Since either hypothesis as to the extension of time leads us into equal difficulties, our course should surely be not to accept either, but to reject both. Time must be either finite or infinite, we are told. But there is a third alternative. There may be something wrong in our conception of time, or rather, to speak more precisely, there may be something which renders it unfit, in metaphysics, for the ultimate explanation of the universe, however suited it may be to the finite thought of every-day life. If we ask whether time, as a fact, is finite or infinite, we find hopeless difficulties in the way of either answer. Yet if we take time as an ultimate reality, there seems no other alternative. Our only resource is to conclude that time is not an ultimate reality.

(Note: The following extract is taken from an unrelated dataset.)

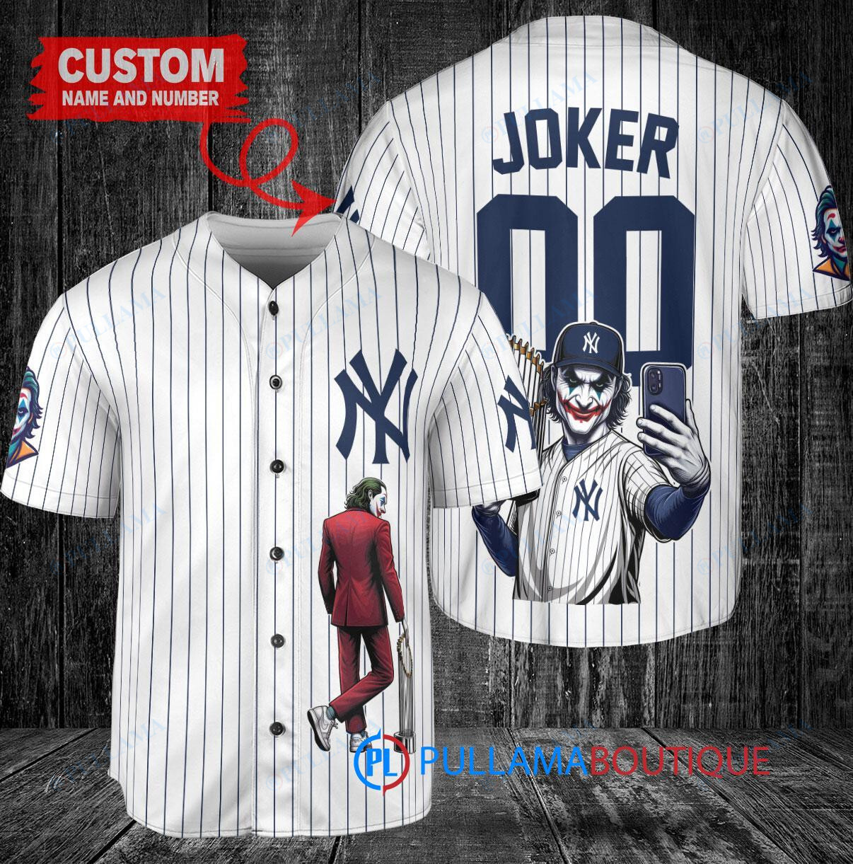 Show off your love for the New York Yankees and the Joker from DC Comics with this custom baseball jersey. The white jersey features a unique design with the Joker holding a trophy, perfect for fans of both the team and the iconic comic book character. Made with high-quality materials, this jersey is a must-have for any baseball fan looking to stand out in the crowd.

This is the same principle which is at work in the dialectic itself. When we find that any category, if we analyse it sufficiently, lands us, in its application to reality, in contradictions, we do not accept one contradictory proposition and reject the other. We conclude the category in question to be an inadequate way of looking at reality, and we try to find a higher conception, which will embrace all the truth of the lower one, while it will avoid the contradictions. This is what we ought, it would seem, to do with the idea of time. If it only presents us with a choice between impossibilities, we must regard it as an inadequate way of looking at the universe. And in this case we cannot accept the development of the dialectic in time as part of our ultimate solution. Beside these difficulties, which would equally perplex any idealistic system which adopted a time process as an original element, there is another which belongs specially to the dialectic. It appears to be essential to the possibility of a dialectic that the highest term in which the process ends shall be taken as the presupposition of all the lower terms. The passage from category to category must not be taken as an actual advance, producing that which did not previously exist, but as an advance from an abstraction to the concrete whole from which the abstraction was made — demonstrating and rendering explicit what was before only implicit and immediately given, but still only reconstructing and not constructing anything fresh.